━━━━━ Provided material

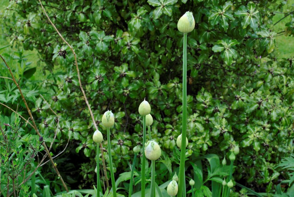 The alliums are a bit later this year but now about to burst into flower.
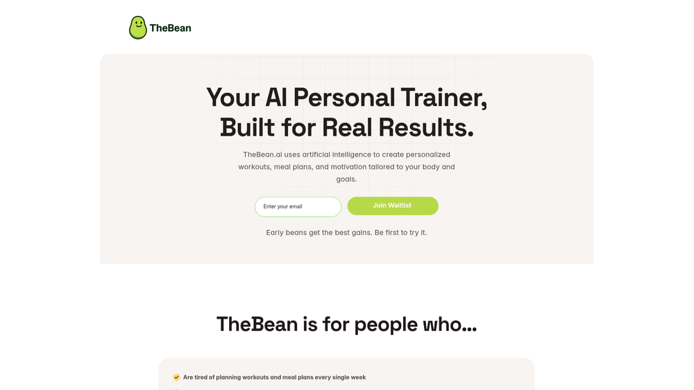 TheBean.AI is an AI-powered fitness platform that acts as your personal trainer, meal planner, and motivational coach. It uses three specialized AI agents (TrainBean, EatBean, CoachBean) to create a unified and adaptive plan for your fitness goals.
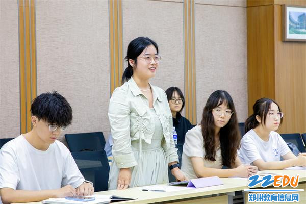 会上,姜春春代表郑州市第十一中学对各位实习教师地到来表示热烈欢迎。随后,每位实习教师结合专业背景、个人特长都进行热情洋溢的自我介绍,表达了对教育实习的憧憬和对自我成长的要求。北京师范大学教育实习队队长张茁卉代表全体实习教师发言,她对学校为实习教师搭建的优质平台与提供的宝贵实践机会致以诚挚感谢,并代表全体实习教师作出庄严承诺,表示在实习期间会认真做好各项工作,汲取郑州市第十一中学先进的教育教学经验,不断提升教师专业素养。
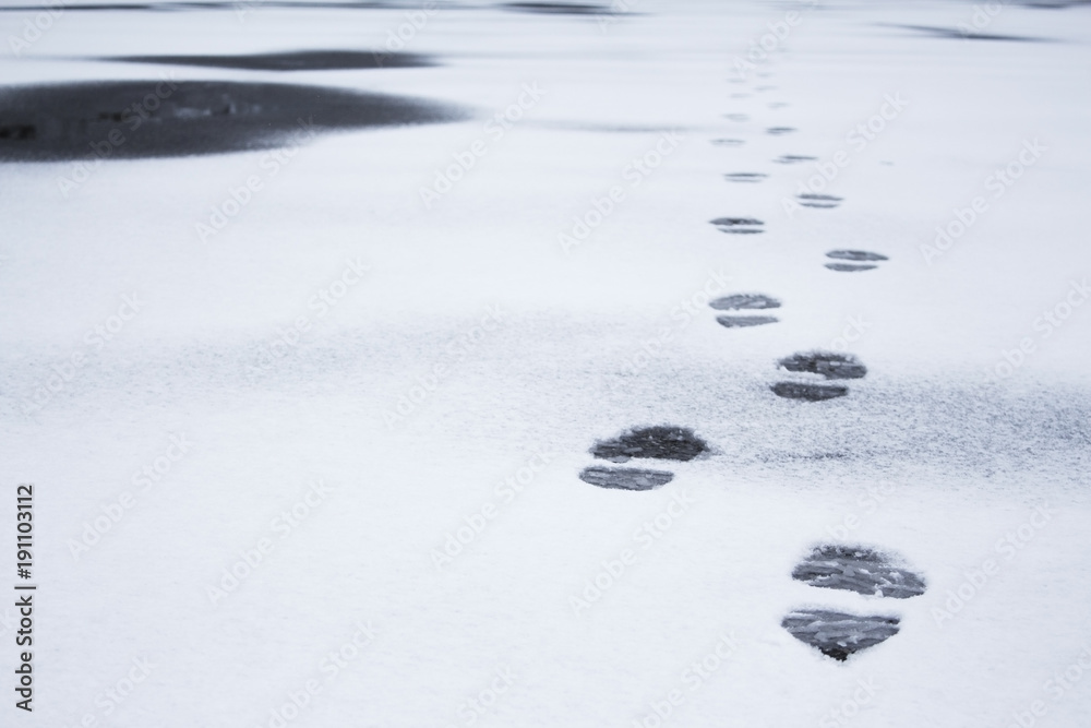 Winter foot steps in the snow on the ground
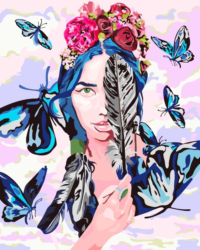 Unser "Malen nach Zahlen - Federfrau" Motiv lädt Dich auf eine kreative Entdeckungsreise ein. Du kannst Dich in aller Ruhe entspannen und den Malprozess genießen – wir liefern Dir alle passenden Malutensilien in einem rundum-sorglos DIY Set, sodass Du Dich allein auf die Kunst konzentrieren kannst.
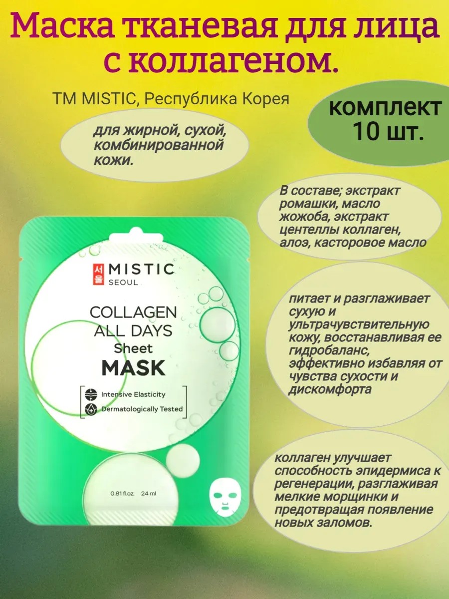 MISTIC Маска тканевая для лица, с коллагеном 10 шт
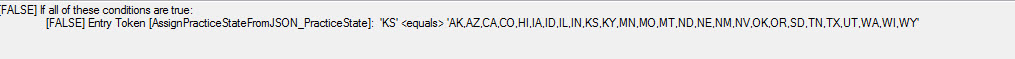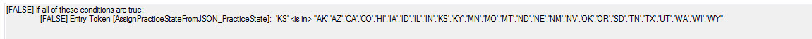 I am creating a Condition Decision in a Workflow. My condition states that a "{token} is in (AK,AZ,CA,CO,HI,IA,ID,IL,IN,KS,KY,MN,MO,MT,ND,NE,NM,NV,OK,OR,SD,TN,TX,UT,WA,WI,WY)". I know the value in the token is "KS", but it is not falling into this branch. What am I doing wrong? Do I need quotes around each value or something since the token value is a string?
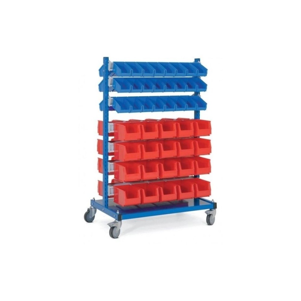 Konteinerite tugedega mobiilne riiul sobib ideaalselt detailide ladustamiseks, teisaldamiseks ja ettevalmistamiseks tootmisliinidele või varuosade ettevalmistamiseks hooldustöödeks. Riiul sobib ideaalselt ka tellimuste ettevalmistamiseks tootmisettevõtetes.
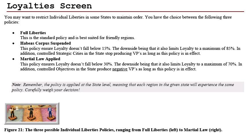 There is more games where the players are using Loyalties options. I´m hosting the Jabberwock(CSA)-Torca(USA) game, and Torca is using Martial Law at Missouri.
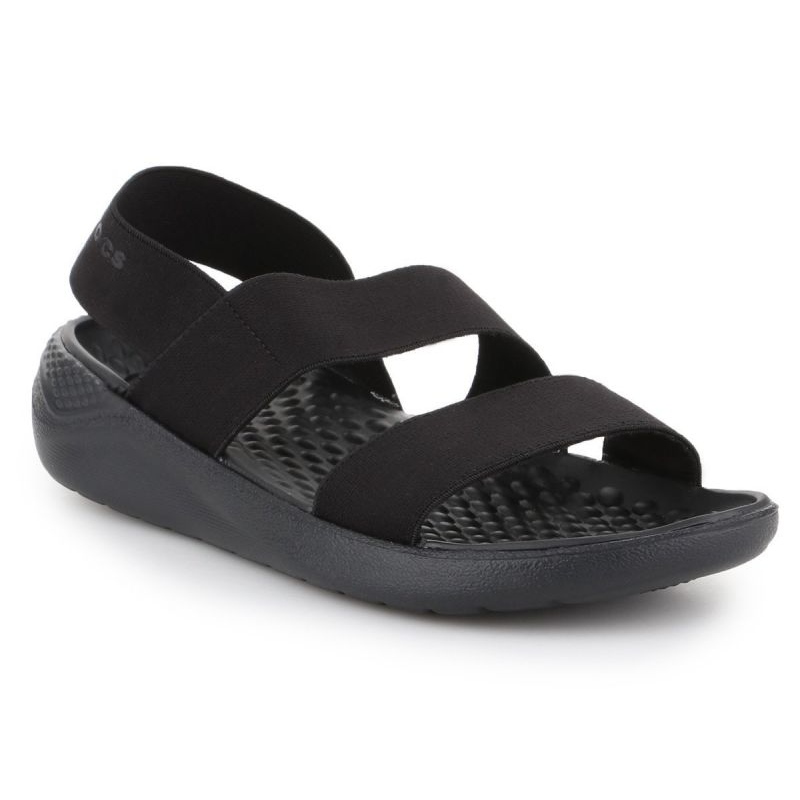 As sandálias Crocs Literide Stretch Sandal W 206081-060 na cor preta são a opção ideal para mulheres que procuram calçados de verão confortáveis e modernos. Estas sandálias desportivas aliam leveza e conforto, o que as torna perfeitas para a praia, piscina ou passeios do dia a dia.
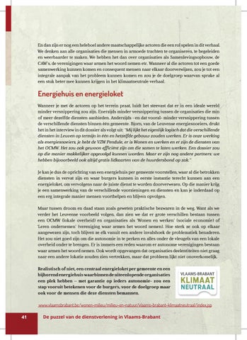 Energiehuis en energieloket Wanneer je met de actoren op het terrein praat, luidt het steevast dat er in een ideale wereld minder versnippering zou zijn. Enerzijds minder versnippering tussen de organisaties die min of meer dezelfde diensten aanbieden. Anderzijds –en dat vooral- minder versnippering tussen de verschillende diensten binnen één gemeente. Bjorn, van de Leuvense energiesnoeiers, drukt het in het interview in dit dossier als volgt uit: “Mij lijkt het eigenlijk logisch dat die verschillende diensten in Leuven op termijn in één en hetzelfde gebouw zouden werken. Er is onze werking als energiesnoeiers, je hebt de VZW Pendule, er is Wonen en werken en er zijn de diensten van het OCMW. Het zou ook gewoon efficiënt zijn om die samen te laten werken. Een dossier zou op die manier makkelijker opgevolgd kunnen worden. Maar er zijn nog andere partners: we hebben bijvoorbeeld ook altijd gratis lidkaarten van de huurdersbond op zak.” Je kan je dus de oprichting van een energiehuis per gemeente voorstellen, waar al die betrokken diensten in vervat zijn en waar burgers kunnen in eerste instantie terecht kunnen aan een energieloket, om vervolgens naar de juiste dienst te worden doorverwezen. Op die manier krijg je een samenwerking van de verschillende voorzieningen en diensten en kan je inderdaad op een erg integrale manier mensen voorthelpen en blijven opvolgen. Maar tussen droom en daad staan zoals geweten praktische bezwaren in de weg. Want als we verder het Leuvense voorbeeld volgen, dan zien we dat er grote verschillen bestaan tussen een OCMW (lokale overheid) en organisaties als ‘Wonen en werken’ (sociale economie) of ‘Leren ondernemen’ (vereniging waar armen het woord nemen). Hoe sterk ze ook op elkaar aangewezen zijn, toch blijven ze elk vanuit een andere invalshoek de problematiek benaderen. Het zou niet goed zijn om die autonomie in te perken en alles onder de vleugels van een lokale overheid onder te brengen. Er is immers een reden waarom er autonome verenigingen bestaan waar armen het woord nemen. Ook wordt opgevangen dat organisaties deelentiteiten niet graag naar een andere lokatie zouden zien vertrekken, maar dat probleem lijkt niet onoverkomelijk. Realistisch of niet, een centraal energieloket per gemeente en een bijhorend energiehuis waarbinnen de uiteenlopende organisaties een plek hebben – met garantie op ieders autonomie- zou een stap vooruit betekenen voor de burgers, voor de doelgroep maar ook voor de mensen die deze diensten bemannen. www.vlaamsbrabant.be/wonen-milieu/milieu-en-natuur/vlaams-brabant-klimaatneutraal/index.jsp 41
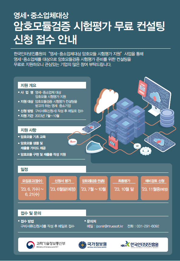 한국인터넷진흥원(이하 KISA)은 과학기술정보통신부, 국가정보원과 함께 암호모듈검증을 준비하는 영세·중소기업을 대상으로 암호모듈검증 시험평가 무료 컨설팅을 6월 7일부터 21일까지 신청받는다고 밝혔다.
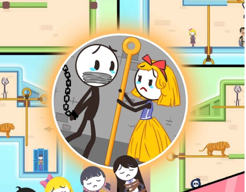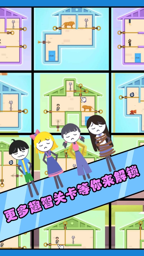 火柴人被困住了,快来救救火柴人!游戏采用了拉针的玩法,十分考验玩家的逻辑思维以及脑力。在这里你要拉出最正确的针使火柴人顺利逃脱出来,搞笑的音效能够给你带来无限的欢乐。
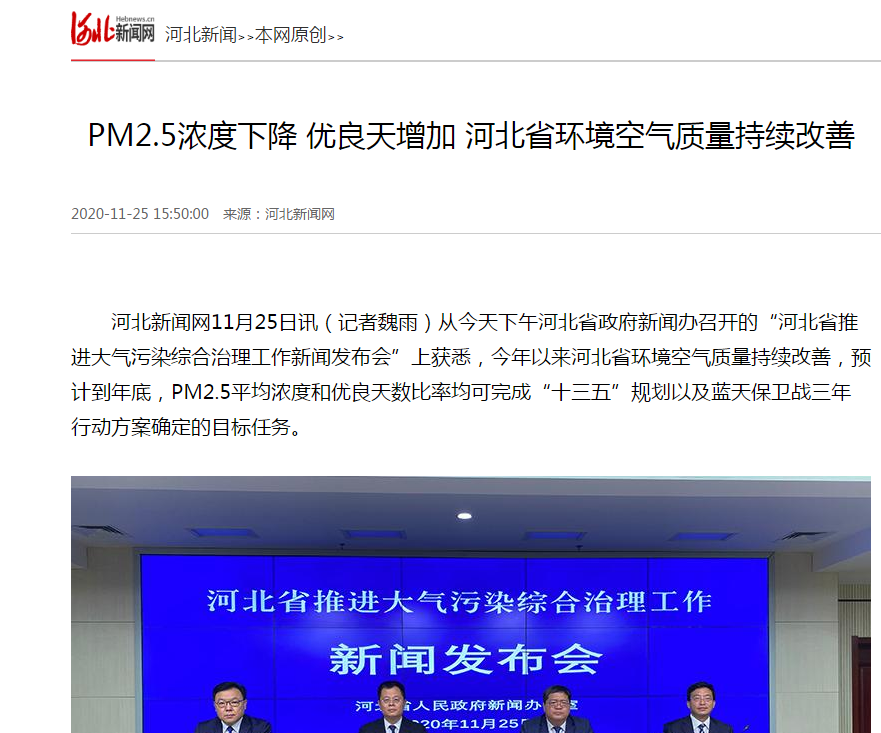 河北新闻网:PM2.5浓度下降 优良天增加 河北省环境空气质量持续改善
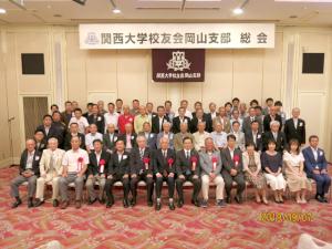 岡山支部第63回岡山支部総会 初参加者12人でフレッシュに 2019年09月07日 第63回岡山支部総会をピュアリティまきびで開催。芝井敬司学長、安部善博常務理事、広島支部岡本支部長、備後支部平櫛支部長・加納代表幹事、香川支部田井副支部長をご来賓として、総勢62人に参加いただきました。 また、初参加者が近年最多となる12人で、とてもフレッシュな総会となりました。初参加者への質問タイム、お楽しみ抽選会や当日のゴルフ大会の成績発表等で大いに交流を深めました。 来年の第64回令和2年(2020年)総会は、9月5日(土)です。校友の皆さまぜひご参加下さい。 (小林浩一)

━━━━━━━━━━

Copy all the entries above exactly as they stand, except for the pictures.

 The alliums are a bit later this year but now about to burst into flower.
 TheBean.AI is an AI-powered fitness platform that acts as your personal trainer, meal planner, and motivational coach. It uses three specialized AI agents (TrainBean, EatBean, CoachBean) to create a unified and adaptive plan for your fitness goals.
 会上,姜春春代表郑州市第十一中学对各位实习教师地到来表示热烈欢迎。随后,每位实习教师结合专业背景、个人特长都进行热情洋溢的自我介绍,表达了对教育实习的憧憬和对自我成长的要求。北京师范大学教育实习队队长张茁卉代表全体实习教师发言,她对学校为实习教师搭建的优质平台与提供的宝贵实践机会致以诚挚感谢,并代表全体实习教师作出庄严承诺,表示在实习期间会认真做好各项工作,汲取郑州市第十一中学先进的教育教学经验,不断提升教师专业素养。
 Winter foot steps in the snow on the ground
 Unser "Malen nach Zahlen - Federfrau" Motiv lädt Dich auf eine kreative Entdeckungsreise ein. Du kannst Dich in aller Ruhe entspannen und den Malprozess genießen – wir liefern Dir alle passenden Malutensilien in einem rundum-sorglos DIY Set, sodass Du Dich allein auf die Kunst konzentrieren kannst.
 MISTIC Маска тканевая для лица, с коллагеном 10 шт
 I am creating a Condition Decision in a Workflow. My condition states that a "{token} is in (AK,AZ,CA,CO,HI,IA,ID,IL,IN,KS,KY,MN,MO,MT,ND,NE,NM,NV,OK,OR,SD,TN,TX,UT,WA,WI,WY)". I know the value in the token is "KS", but it is not falling into this branch. What am I doing wrong? Do I need quotes around each value or something since the token value is a string?
 Konteinerite tugedega mobiilne riiul sobib ideaalselt detailide ladustamiseks, teisaldamiseks ja ettevalmistamiseks tootmisliinidele või varuosade ettevalmistamiseks hooldustöödeks. Riiul sobib ideaalselt ka tellimuste ettevalmistamiseks tootmisettevõtetes.
 There is more games where the players are using Loyalties options. I´m hosting the Jabberwock(CSA)-Torca(USA) game, and Torca is using Martial Law at Missouri.
 As sandálias Crocs Literide Stretch Sandal W 206081-060 na cor preta são a opção ideal para mulheres que procuram calçados de verão confortáveis e modernos. Estas sandálias desportivas aliam leveza e conforto, o que as torna perfeitas para a praia, piscina ou passeios do dia a dia.
 Energiehuis en energieloket Wanneer je met de actoren op het terrein praat, luidt het steevast dat er in een ideale wereld minder versnippering zou zijn. Enerzijds minder versnippering tussen de organisaties die min of meer dezelfde diensten aanbieden. Anderzijds –en dat vooral- minder versnippering tussen de verschillende diensten binnen één gemeente. Bjorn, van de Leuvense energiesnoeiers, drukt het in het interview in dit dossier als volgt uit: “Mij lijkt het eigenlijk logisch dat die verschillende diensten in Leuven op termijn in één en hetzelfde gebouw zouden werken. Er is onze werking als energiesnoeiers, je hebt de VZW Pendule, er is Wonen en werken en er zijn de diensten van het OCMW. Het zou ook gewoon efficiënt zijn om die samen te laten werken. Een dossier zou op die manier makkelijker opgevolgd kunnen worden. Maar er zijn nog andere partners: we hebben bijvoorbeeld ook altijd gratis lidkaarten van de huurdersbond op zak.” Je kan je dus de oprichting van een energiehuis per gemeente voorstellen, waar al die betrokken diensten in vervat zijn en waar burgers kunnen in eerste instantie terecht kunnen aan een energieloket, om vervolgens naar de juiste dienst te worden doorverwezen. Op die manier krijg je een samenwerking van de verschillende voorzieningen en diensten en kan je inderdaad op een erg integrale manier mensen voorthelpen en blijven opvolgen. Maar tussen droom en daad staan zoals geweten praktische bezwaren in de weg. Want als we verder het Leuvense voorbeeld volgen, dan zien we dat er grote verschillen bestaan tussen een OCMW (lokale overheid) en organisaties als ‘Wonen en werken’ (sociale economie) of ‘Leren ondernemen’ (vereniging waar armen het woord nemen). Hoe sterk ze ook op elkaar aangewezen zijn, toch blijven ze elk vanuit een andere invalshoek de problematiek benaderen. Het zou niet goed zijn om die autonomie in te perken en alles onder de vleugels van een lokale overheid onder te brengen. Er is immers een reden waarom er autonome verenigingen bestaan waar armen het woord nemen. Ook wordt opgevangen dat organisaties deelentiteiten niet graag naar een andere lokatie zouden zien vertrekken, maar dat probleem lijkt niet onoverkomelijk. Realistisch of niet, een centraal energieloket per gemeente en een bijhorend energiehuis waarbinnen de uiteenlopende organisaties een plek hebben – met garantie op ieders autonomie- zou een stap vooruit betekenen voor de burgers, voor de doelgroep maar ook voor de mensen die deze diensten bemannen. www.vlaamsbrabant.be/wonen-milieu/milieu-en-natuur/vlaams-brabant-klimaatneutraal/index.jsp 41
 한국인터넷진흥원(이하 KISA)은 과학기술정보통신부, 국가정보원과 함께 암호모듈검증을 준비하는 영세·중소기업을 대상으로 암호모듈검증 시험평가 무료 컨설팅을 6월 7일부터 21일까지 신청받는다고 밝혔다.
 火柴人被困住了,快来救救火柴人!游戏采用了拉针的玩法,十分考验玩家的逻辑思维以及脑力。在这里你要拉出最正确的针使火柴人顺利逃脱出来,搞笑的音效能够给你带来无限的欢乐。
 河北新闻网:PM2.5浓度下降 优良天增加 河北省环境空气质量持续改善
 岡山支部第63回岡山支部総会 初参加者12人でフレッシュに 2019年09月07日 第63回岡山支部総会をピュアリティまきびで開催。芝井敬司学長、安部善博常務理事、広島支部岡本支部長、備後支部平櫛支部長・加納代表幹事、香川支部田井副支部長をご来賓として、総勢62人に参加いただきました。 また、初参加者が近年最多となる12人で、とてもフレッシュな総会となりました。初参加者への質問タイム、お楽しみ抽選会や当日のゴルフ大会の成績発表等で大いに交流を深めました。 来年の第64回令和2年(2020年)総会は、9月5日(土)です。校友の皆さまぜひご参加下さい。 (小林浩一)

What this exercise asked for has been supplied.